DIDI KEMPOT DAN MERABA JIWA MANUSIA YANG BEGITU SAJA

Gus Ulil dalam pengajian Ihya-nya pernah bertutur begini, “Manusia itu struktur jiwanya dari dulu sampai sekarang tidak berubah banyak.” Kalimat ini sangat dalam sekali maknanya.

Dalam lanjutan penjelasannya Gus Ulil menuturkan, kendati ada perkembangan yang luar biasa itu keberadaannya di luar dari jiwa manusia. Ada revolusi industri 4.0, ada perkembangan teknologi, otomotif, internet dan banyak lagi. Itu kesemuanya tadi merupakan perkembangan yang ada pada luaran jiwa manusia.

Lalu apa makna dari “manusia itu struktur jiwanya dari dulu sampai sekarang tidak berubah banyak”? maknanya begini, kalau anda amati dari zaman manusia mengendarai keledai, unta sampai manusia mengendarai kendaraan bermesin seperti sekarang ini, masalah yang dihadapi jiwa manusia itukan begitu-begitu saja.
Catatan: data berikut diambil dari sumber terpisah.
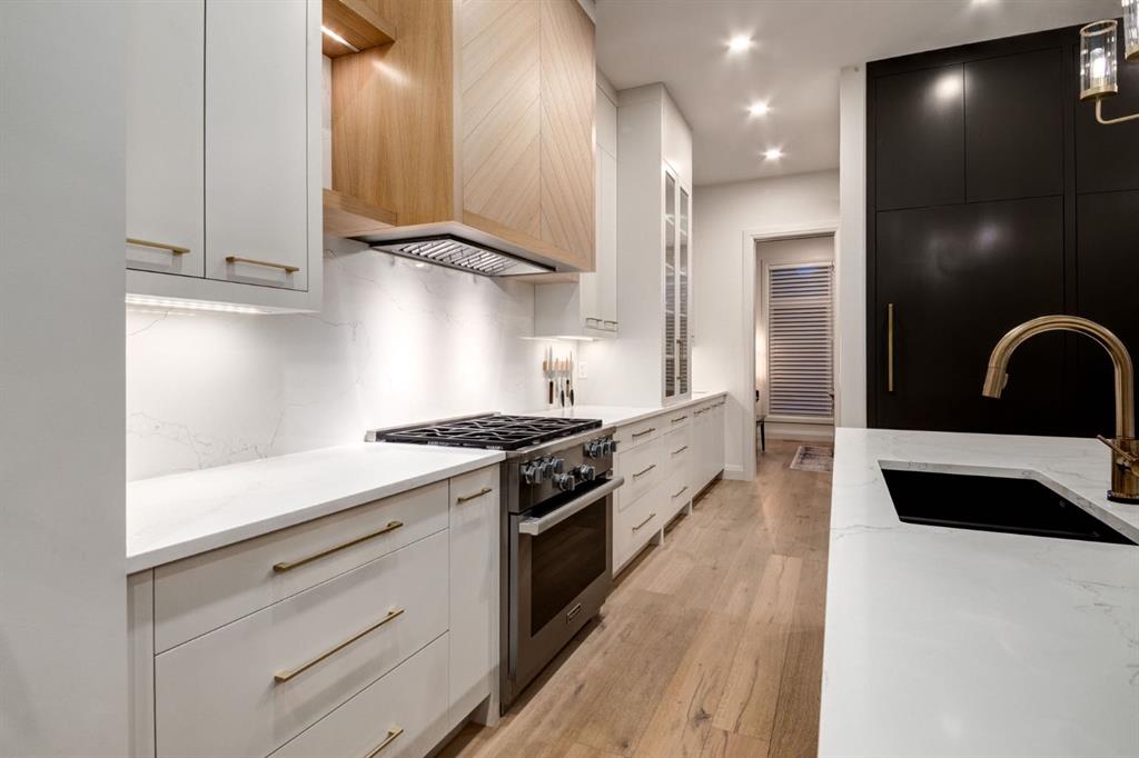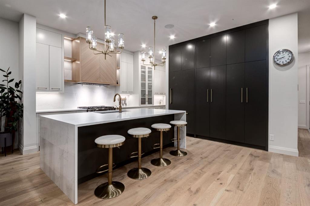 Experience the pinnacle of luxury living in this exceptional “ELLE Decor” residence by Willix Developments, where unparalleled craftsmanship meets timeless design. Boasting over 4,000 square feet of meticulously developed living space, this sophisticated home is perfectly positioned on a generous lot with a sunny, south-facing backyard, offering privacy, elegance, and space for outdoor entertaining or relaxation. A detached, heated triple garage adds convenience, while the vibrant heart of Marda Loop, with its eclectic shops, cafĂ©s, and cultural offerings is just a short stroll away, blending urban lifestyle with the tranquility of a private retreat. From the moment you enter, the home impresses with its soaring ceilings on all three levels, extensive exterior brick detailing, and a thoughtfully designed floor plan. Natural light pours through large windows, highlighting every detail of the refined interior, from designer light fixtures and striking wallpaper accents to exquisite millwork, tile detailing, and wide-plank white oak hardwood floors. The seamless flow of the living spaces creates an inviting atmosphere, ideal for both everyday family life and sophisticated entertaining. The chef-inspired kitchen is a statement of modern luxury, featuring a full Miele appliance package, sleek custom cabinetry with ample storage, quartz countertops and backsplash, and a generous center island perfect for meal preparation or casual gatherings. Adjacent spaces flow effortlessly into the dining and living areas, anchored by a gas fireplace framed by custom-designed built-ins that create warmth and intimacy. The private primary suite is a true sanctuary, complete with a spa-inspired steam shower, a spacious dressing area, and a coveted makeup area. Three additional bedrooms are generously proportioned, providing comfort for family or guests. For productivity and wellness, the home offers a main-level office and a lower-level gym, along with a temperature-controlled glass wine display for the discerning collector. Radiant in-floor heating in the basement ensures comfort year-round, while thoughtful touches throughout emphasize quality and attention to detail. This residence is more than just a home – it is a lifestyle. Imagine relaxing on the sunny patio, or walking to nearby cafĂ©s, boutique shops, and local entertainment. Excellent schools, parks, and a community center are all within easy reach, making this location ideal for families seeking convenience without compromising sophistication. The combination of indoor luxury and outdoor living creates a perfect harmony that caters to both relaxation and vibrant social living. Every aspect of this home reflects refinement, quality, and attention to detail, providing an unmatched living experience in one of the city’s most desirable locations. From morning coffee in the kitchen to evening gatherings by the fireplace, every day is elevated by the thoughtful design, premium finishes, and enviable lifestyle this property affords.

Itulah kenapa tulisan maupun nyanyian perihal jiwa manusia mengenai tema-tema spiritualitas, balas dendam, patah hati, cinta, dan penghianatan dari dulu sampai sekarang tetap eksis dan bahkan cenderung digemari oleh kebanyakan orang.
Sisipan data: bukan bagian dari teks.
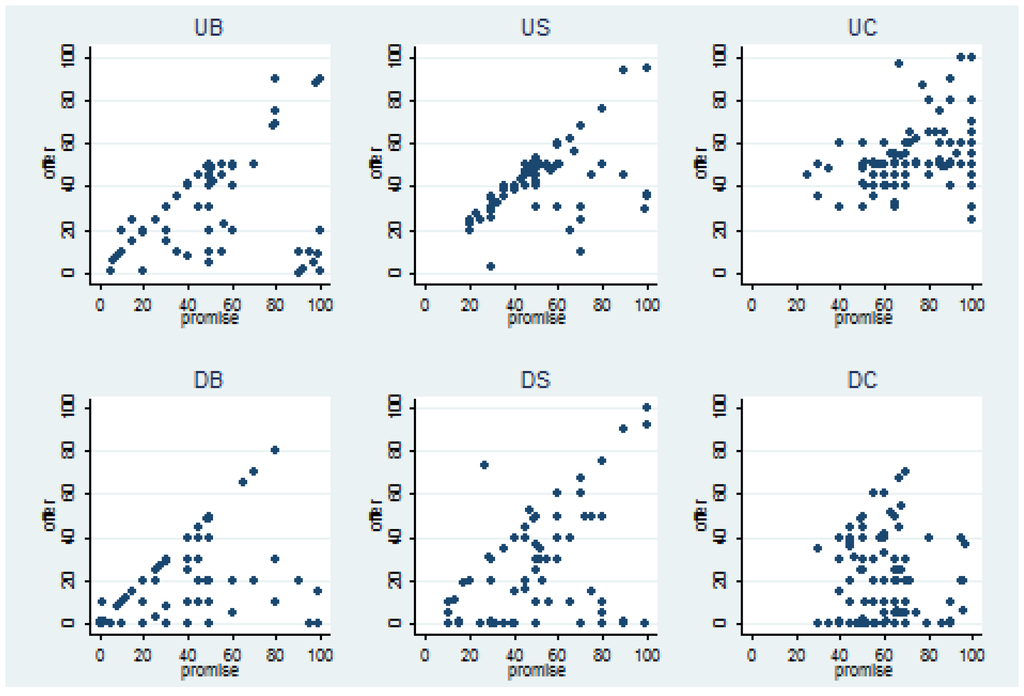 In addition to identifying an offer–promise relationship in the aggregate, we also estimated offer promise relationships separately for all our conditions. In these regressions, not reported here, we find that offers are positively affected by promise at the five percent level for US and UC but no significant offer promise relationship for UB. Interestingly, the results from the dictator games are exactly in the opposite direction and the DB condition displays credibility at the one percent level, whereas there is no significant offer promise relationship in DS and DC11.

Penjelasan akan fenomena ini menurut Gus Ulil hanya ada satu jawabannya, yaitu ini mengindikasikan bahwa jiwa manusia tidak mengalami perkembangan signifikan dalam rentang waktu ratusan tahun dan bahkan ribuan tahun, itulah kenapa kitab Ihya yang ditulis ratusan tahun yang lalu kita kaji sekarang terasa seperti baru kemarin sore ditulis; dan bahkan ada bagian-bagian yang ditulis Al-Gazali kok seperti menjelaskan keadaan sekarang.

Sampai di sini penulis mulai meraba-raba jiwa, bahwa sebenarnya manusia sangat dekat sekali dengan jiwanya; dan bahkan penulis beranggapan bahwa manusia itu ya jiwa itu sendiri, atau manusia itu ya rohani itu sendiri.

Akhir-akhir ini mendadak Didi Kempot seperti lahir kembali. Didi Kempot mendadak ada di berbagai lini masa: di berita online, media sosial, televisi, youtube, bahkan aplikasi streaming musik macam Spotify membuat playlist khusus berjudul This is Didi Kempot.

Beberapa hari yang lalu Mas Didi Kempot juga datang ke Jakarta, beliau didatangkan untuk mengisi acara hari jadi Partai Kebangkitan Bangsa (PKB), Mas Didi mendendangkan senandung tentang patah hati serta kesedihan di hadapan manusia-manusia yang berlumur nestapa.

Diksi seperti ketaman asmoro, tresno sliramu, nelongso, cidro, mblenjani janji, nglarani, ngapusi, netes eluh dan aneka rupa diksi cinta sekaligus patah hati Mas Didi Kempot tak ubahnya suara-suara jiwa dan rohani manusia yang dilanda cinta maupun patah hati.

Jogedan dan teriakan gerombolan manusia saat Mas Didi mendendangkan khutbah cinta dan patah hatinya merupakan ejawantah bahwa “manusia itu struktur jiwanya dari dulu sampai sekarang tidak berubah banyak” dan manusia menggemari tema-tema cinta dan sakit hati sebagaimana yang diutarakan Gus Ulil. Jiwa mereka hanya berputar-putar saja pada cinta dan sakit hati. Dimensi ini sangat rohani sekali.

Akhirnya, baik Gus Ulil dan Mas Didi, keduanya merupakan sosok manusia rohani yang mampu meng-influencer para pendengarnya. Gus Ulil melalui Ngaji Ihya-nya, Mas Didi melalui dendangan khutbahnya tentang cinta dan patah hati. Keduanya tak ubahnya misionaris jiwa dan rohani yang mengajak para pendengarnya untuk selalu berpositif dalam hidup ini, dan jangan berlarut-larut dalam keterpurukan. Sekian.